News Time Machine

News Time Machine#

In this project you will be working to develop an Django Ninja based web app that implements a recommendation system. The web app will:

Accept in a search text field, a query in natural language about a topic associated with news.
Respond with an ordered table of all recommended to watch video clips across the video vault of a media outlet. The user will be able to select the order of the recommendations based on the following criteria:
- Most recent
- Most relevant
- Most popular

Milestone 1: Django site#

Learn one of the most popular web frameworks in the world, Django. You can start with the official tutorial but bear in mind that you will also need to consult Django Ninja as this will be the framework that you will use to build the API/App.

You deliver a new repo (separate from your assignments repo) called ninja-news containing the docker compose based deployment of django ninja with postgres, redis, celery and Jetstream. You can borrow the structure of the project from here and ensure that the project is using Django Ninja. Your Django views in this app are based on Bootstrap 5-based Tabler.io components.

Note

Any dynamic UI interaction, if needed, must be based on HTMX - eg this guide.

Milestone 2: Data Model#

Build a data model that will satisfy the needs of the project by making use of Pydantic 2 based data modeling tooling of Django Ninja. You can consult a slightly relevant to this exercise implementation or any other implementation you think its relevant. Note that the data model is for podcasts and you need to implement a quite different data model than this.

Deliver the data model and a screenshot of the admin interface of the django site and as a screenshot of DBeaver CE entity relationship diagram. Note that the initial data model will evolve over time as you will be adding more features to the app.

Milestone 3: YouTube News Mining#

Using the Jetstream instance define a stream called “youtube-news” that publishes video content and content metadata in a stream.

Using this channel downloads the transcripts of the first (as ranked by youtube) K=10 videos from all 9 categories that youtube categorizes their news content (Top stories, Sports, Entertainment, Science, Health, Business, Technology, National, and World). Do not download Live now or Upcoming videos.

You may use the youtube data api to retrieve the videos captions but also consult this guide in Python.

Each message of the jetstream will be serialized using protobuf and will contain the following fields:

video_url: The URL of the video
transcript: The transcript of the video
channel: The channel of the video
publication_date: The publication date of the video
category: The category of the video

The stream consumer(s) retrieve the messages and store them in the database table, exposing them to django apps via your data model. Ensure that only updates are stored and not duplicates.

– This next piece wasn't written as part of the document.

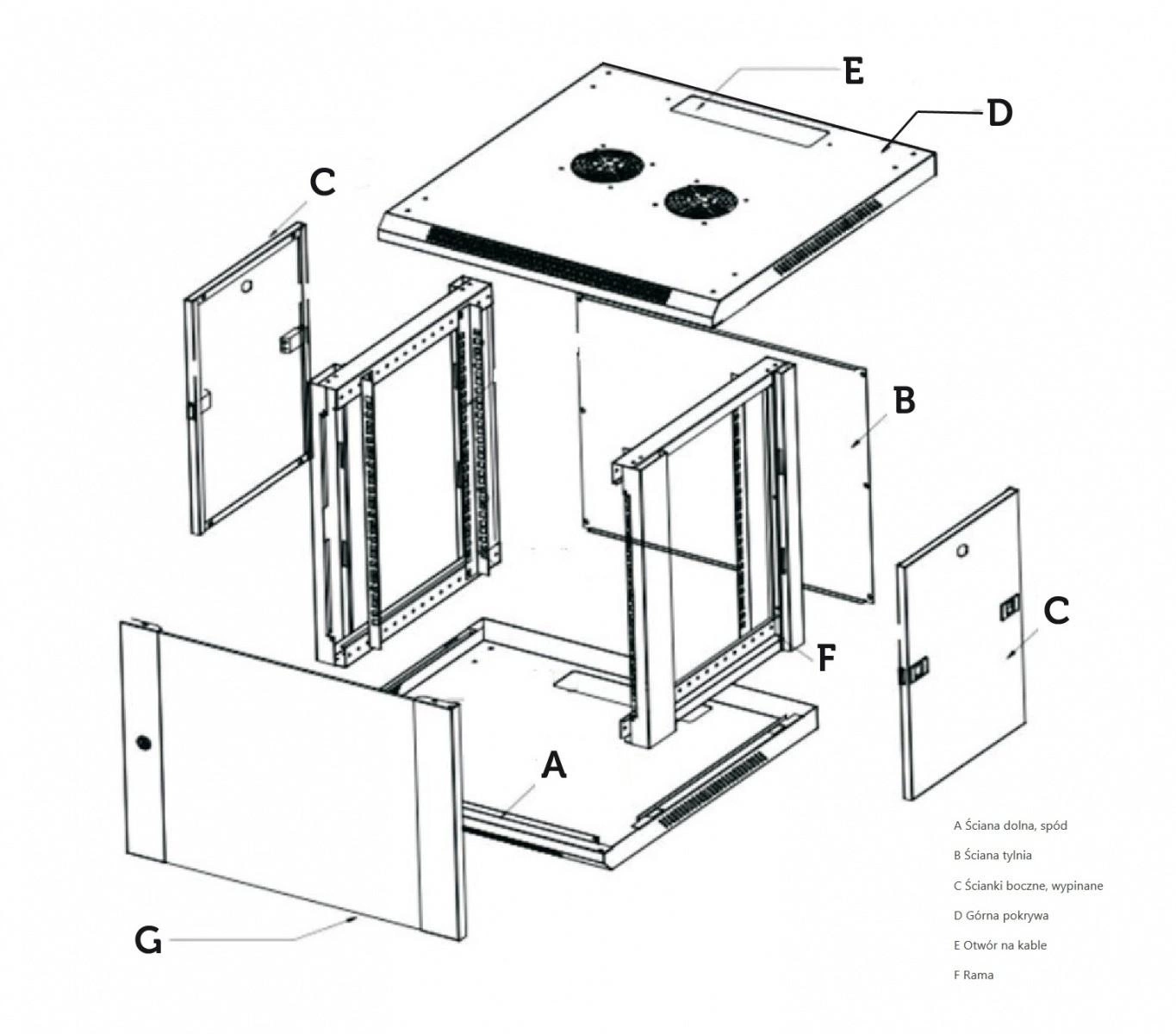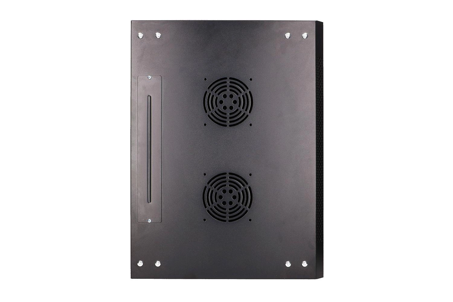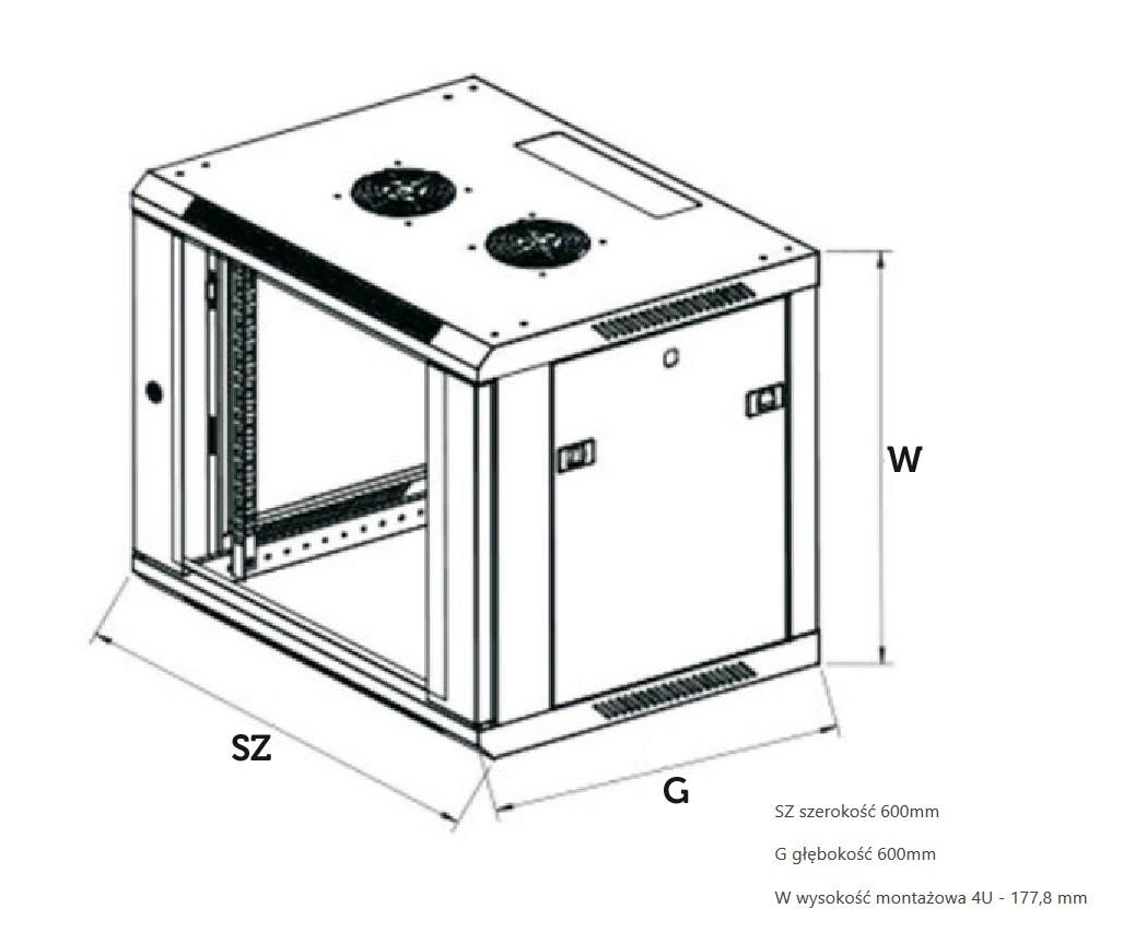 Na suficie szafy przygotowane są 2 miejsca na zainstalowanie wentylatorów w celu lepszego chłodzenia urządzeń, umieszczono tam także dodatkowy przepust do wyciągania kabli.

Use the suggested template tabler.io to produce the table on a view using the Datatable component visibnle in the route /latest.

Note

If you want to deep dive deeper into the architectural patterns of an event based architecture specifically for the Python language you can consult this chapter

Milestone 4: Summarization and Querying APIs#

At this point you may want to switch off the publisher and the consumer of the jetstream and start working on the API. You may hit Youtube quotas and blocked from downloading other videos and this solution prevents that. The professional way to do switch off features such as a streaming publisher this is via feature flags but this is optional.

The API must support the following external endpoints:

/summarize /chat

and other internal REST endpoints of your choice based on the needs of the app.

The /summarize endpoint uses existing OpenAI APIs to summarize the text of the transcript and is constantly running but invokes the OpenAI APIs only if new summaries are needed. Periodic invocation may be achieved with Celery.

The view that supports this functionality is the original table with a new column called summary and the value points to a new view that presents two text fields: the left is the original transcript and the right is its summary. You can use langchain to orchestrate an agent invocation that will provide the summary based on the OpenAI API.

The /chat endpoint uses the OpenAI LLM (GPT3.5) to answer natural language queries using the parameterized knowledge afforded by the LLM and contents of your database. To respond to queries you will implement Retrieval Augmented Generation (RAG) as described in the langchain documentation. You need to use the PGVector component to store the embeddings of the transcripts.

Milestone 5: Frontend#

Demonstrate the conversational capabilities of the API by developing a chat interface in Django-Ninja and ask the following questions:

What are the most recent news about the war in Ukraine?
What are the chances for the US Fed to reduce interest rates in 2024?
Did the stock market fall after the latest jobs report?
Why are prices of electric vehicles falling?
What are the latest developments in the fight against cancer?